With this as context, Melville, NY-based CopyTele, Inc., a company that protects the rights of inventors through patent monetization and patent assertion, through its wholly owned subsidiary, Encrypted Cellular Communications Corporation (“EC3”), has filed a patent infringement lawsuit against AT&T. The suit is  in connection with EC3’s patented Encrypted Cellular Communications technology whose patent expires in 2024. This represents the sixth lawsuit launched by CTI since implementing its new business model in January of 2013.

Robert Berman, CTI’s president and CEO stated, “CTI was a true pioneer in developing encryption technologies, having supplied state of the art encryption devices for use by the U.S. military in both Gulf wars. Similar technologies are now being used for secure cellular communications in both the business and government sectors. With over 300 million wireless subscriptions in the U.S., we believe that our EC3 assertion campaign has enormous potential”.

The reason AT&T has been the target for patent infringement action is that it charges its customers a one-time activation fee of $115 per device, and monthly service charges of $39.99, for its Encrypted Mobile Voice service, in addition to data and wireless charges.

As CTI explains, “’The potential to collect incremental activation fees, incremental service charges, and demand higher prices for consumer based devices containing encryption based hardware and software, mobile service providers and consumer device manufacturers are expected to next roll out encryption devices and services across all consumer markets, in an effort to profit from consumer privacy concerns.” In short, this is a big market, and CTI believes it is entitled to compensation for infringement on its technology by AT&T.   
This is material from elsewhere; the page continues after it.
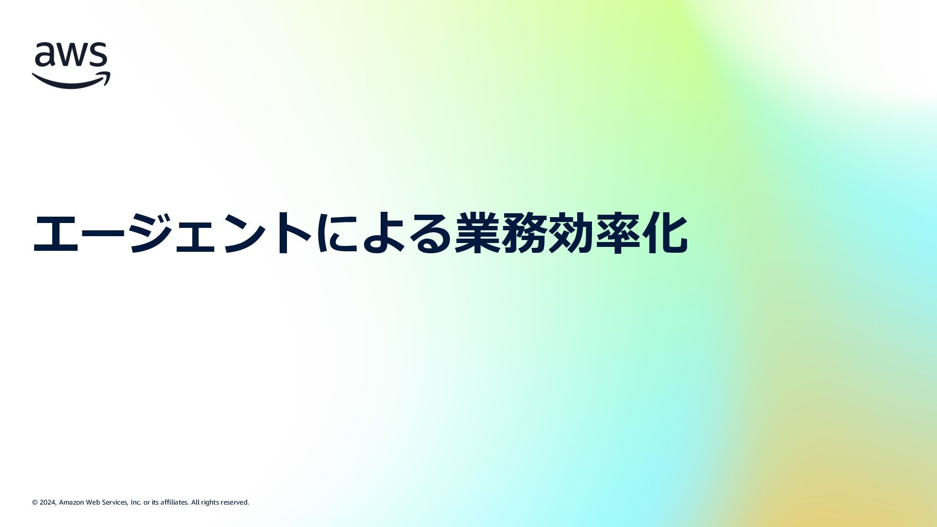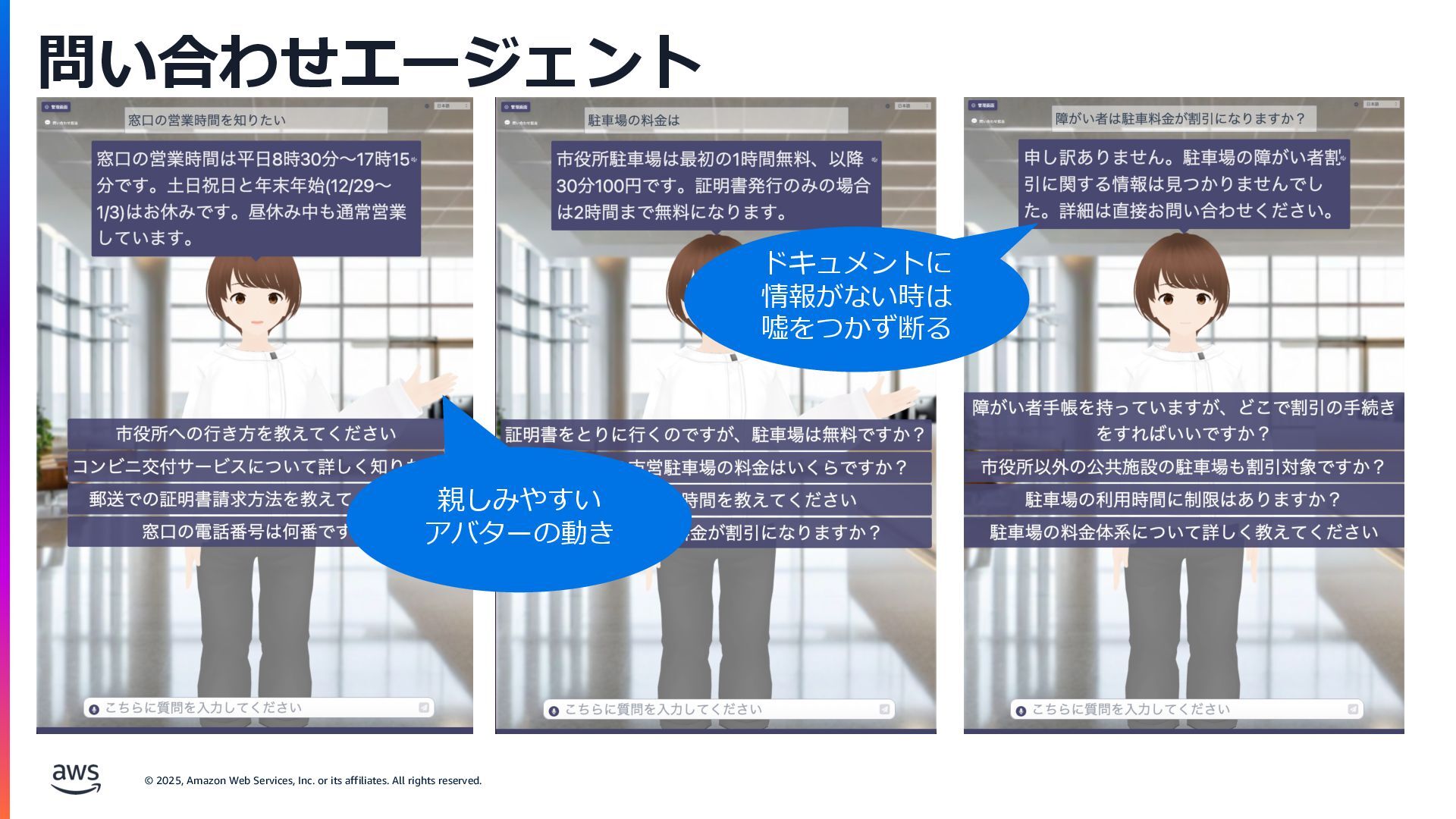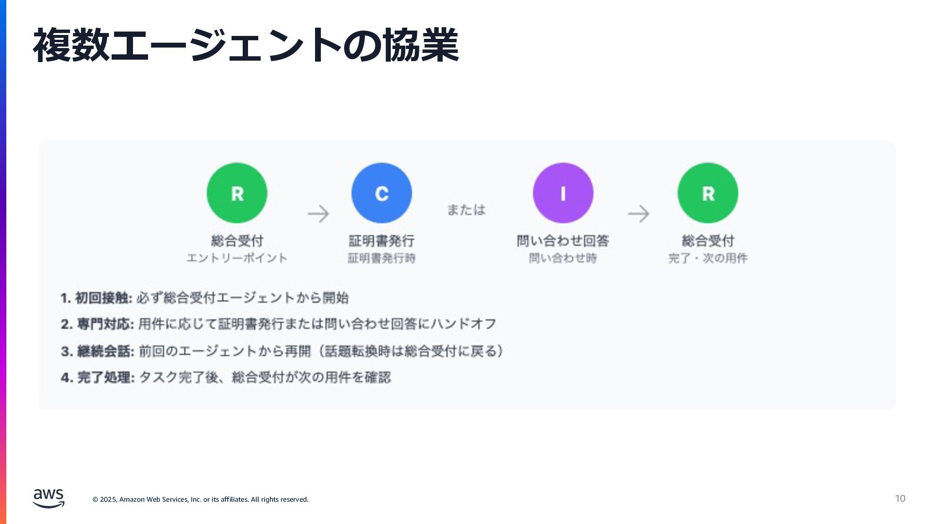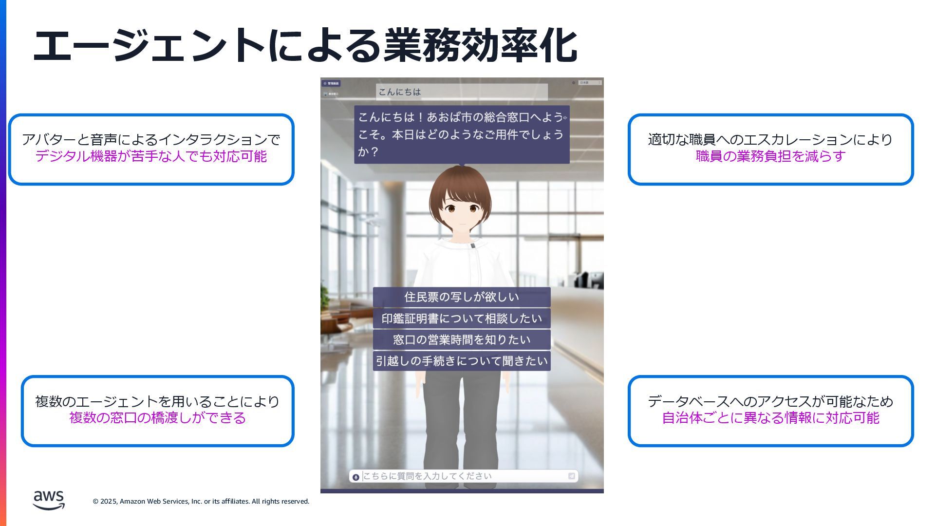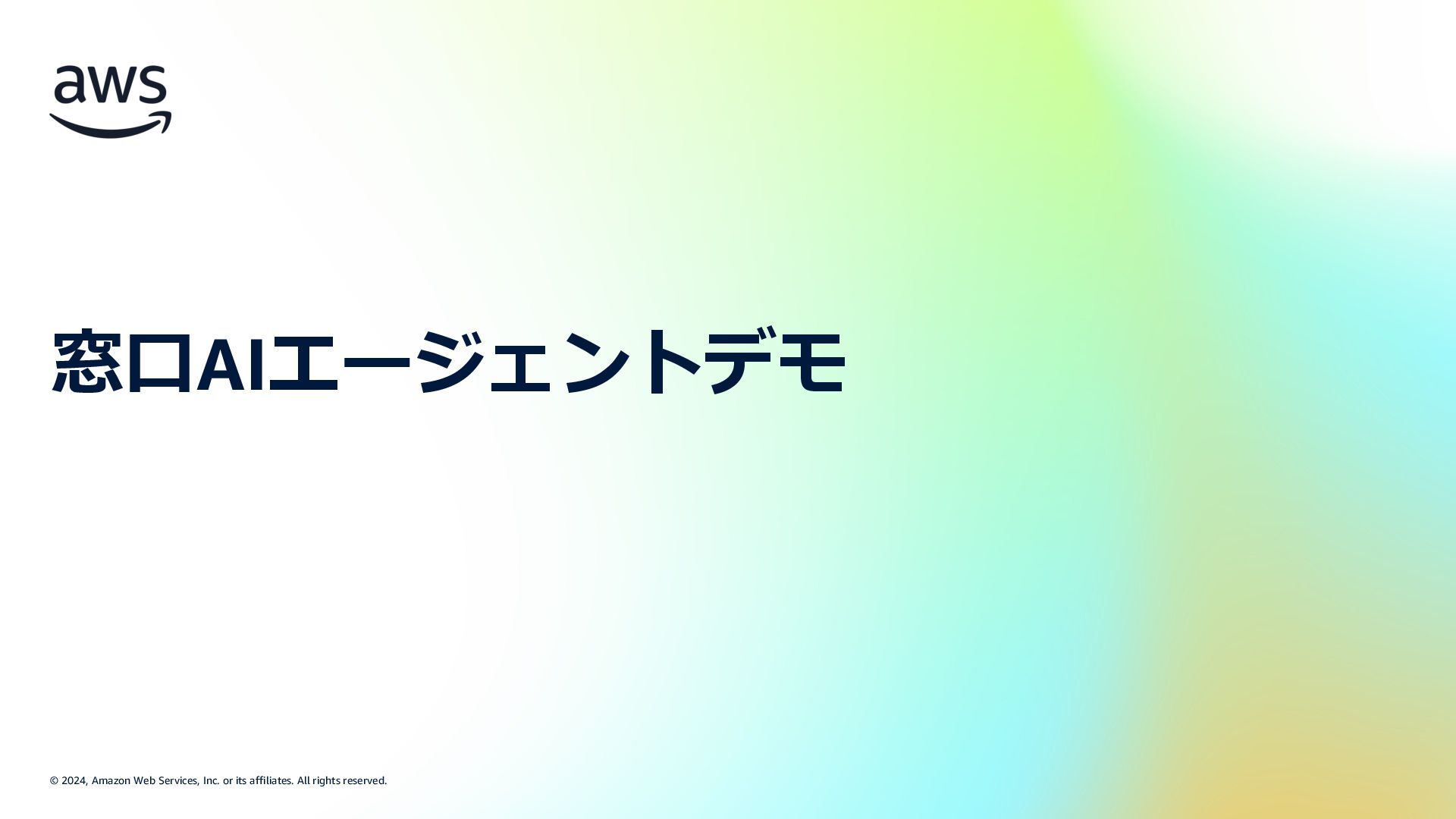 rights reserved. 複数エージェントを⽤いた窓⼝対応 Amazon Bedrock AIエージェント (総合窓⼝) AIエージェント (証明書発⾏) AIエージェント (問い合わせ) 証明書帳票 ドキュメント 住⺠

CTI’s subsidiary companies have already entered into 9 revenue producing license agreements across 3 of its patent assertion campaigns, and now have 33 lawsuits across 6 patent assertion programs, including E-Paper Electrophoretic Displays, Nano Field Emission Displays, Key Based Web Conferencing Encryption, J-Channel Window Frame Construction, Loyalty Conversion Systems, and Encrypted Cellular Communications.

What makes this case noteworthy is that it is part of the intense debate about patent reform, and the role of so-called “patent trolls.” Critics contend that these trolls are not interested in productizing the intellectual property (IP) they have rights to but are only interested in collecting fees when they see infringement opportunities. Companies such as CTI, claim they are doing what the likes of Apple, Microsoft, Blackberry, Ericsson and Sony (owners of Rockstar Bidco, which purchased Nortel's patent portfolio for $4.5 billion in 2011) do, i.e., they choose litigation as the preferred means to monetize their troves of acquired IP. In fact, they argue they are in effect providing a valuable service by asserting that regardless of a company’s size, IP is IP, and when it is infringed upon there should be consequences that could have a chilling effect on innovation.

While the painful process of modifying patent laws to reflect the realities of today’s markets, particularly in regard to tech, still looks like it could take years, lawsuits such as this one that strike at something as important as communications privacy if nothing else draw attention to the need to accelerate policy-maker interest in taking action.